„Oh Parucken! Dir hab ich viel zu danken.“ – Der Talisman

Johann Nestroys Posse ist seit 1840 ein Garant für gute Unterhaltung, die aktuelle Inszenierung des Grazer Schauspielhauses hat jedoch sämtliche Erwartungen übertroffen!

Das rote Haar des Titus Feuerfuchs ist vielen ein Dorn im Auge und erschwert erheblich seine Arbeitssuche. Als er eines Tages jedoch einem sogenannten Marquis das Leben rettet, schenkt ihm dieser zum Dank eine schwarze Perücke. Der Karriere des sozial anpassungsfähigen Titus steht nun nichts mehr im Wege. Die Frauenwelt liegt dem wortgewandten, jungen Herrn mit dem schwarzgelockten Haar zu Füßen und er steigt innerhalb weniger Stunden vom Gärtner bis zum Sekretär einer adeligen Hausherrin auf. Eifersuchtsszenen führen schließlich zur Entlarvung seines Täuschungsversuchs.

Die Posse mit Gesang besteht aus drei Akten. Die Texte der Couplets stammen aus der Feder des Jungautoren Ferdinand Schmalz, der dieses Jahr auch mit dem Bachmannpreis ausgezeichnet wurde und sind dem Genre entsprechend provokant, politisch und greifen aktuelle Themen auf. So wird unter anderem Bezug auf Donald Trump, Lebensmittelintoleranzen, Bürgermeister Nagl und das Murkraftwerk genommen. Der Brückenschlag zur Türkisfärbung der ÖVP sorgte gerade bei diesem Stück für besondere Lacher.

Das Stück karikiert die Oberflächlichkeit, die sich durch sämtliche soziale Milieus zieht und hält der Gesellschaft den Spiegel vor.

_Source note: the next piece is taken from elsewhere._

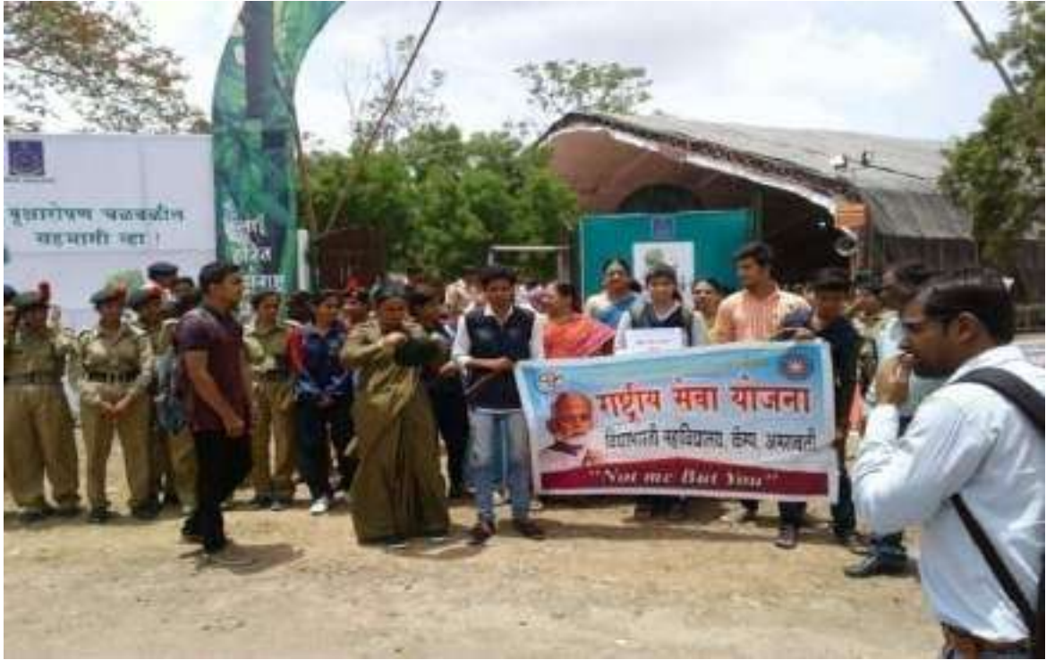
Tree Plantation program at Panchavati square

Regie führte Dominique Schnizer und als Dramaturgin war Elisabeth Geyer tätig, die beide hervorragende Arbeit geleistet haben. Die Musik stammt von Bernhard Neumaier, der ein breites musikalisches Spektrum integrierte, das für Abwechslung sorgte. Erwähnenswert ist ebenso die Bühnengestaltung von Christin Treunert. Hervorzuheben ist hier besonders die aufwendige Gestaltung des Salons der Kammerfrau, der mit zahlreichen Jagdtrophäen geschmückt war und durch das Übermaß eine ironische Brechung evozierte.

Zu würdigen ist hier jedoch vor allem die schauspielerische Leistung des Ensembles. Die zwei rothaarigen Leidensgenossen Salome, gespielt von Sarah Sophia Meyer und Titus, dargestellt von Clemens Maria Riegler, fallen nicht nur durch ihren Facettenreichtum auf, sondern vermögen auch feine Untertöne zu transportieren. Grandios war die Darbietung von Susanne Konstanze Weber in ihrer Rolle als Flora Baumscheer, die vollends von Titus charmantem Auftritt ergriffen war. Nicht weniger amüsant war Evamaria Salcher als Kammerfrau Constantia, die ihre Eleganz ironisch auf die Spitze trieb und persiflierte. Für herzhaftes Lachen sorgten auch die Reaktionen von Christiane Roßbach als Frau von Cypressenburg auf Titus Schmeicheleien, sowie die komische Darbietung ihrer Tochter Emma, gespielt von Tamara Semzov, deren Mienenspiel einfach köstlich war. Amüsant waren auch Gang und Sprachduktus von Werner Steger, der den Gärtnergehilfen Putzerkern mimte. Franz Solar brillierte als überkandidelter Frisör Monsieur Marquis und changierte zwischen Französischem Akzent und Wiener Dialekt. Die Freude am Spiel war der Besetzung anzumerken und das Publikum dankte mit tosendem Applaus.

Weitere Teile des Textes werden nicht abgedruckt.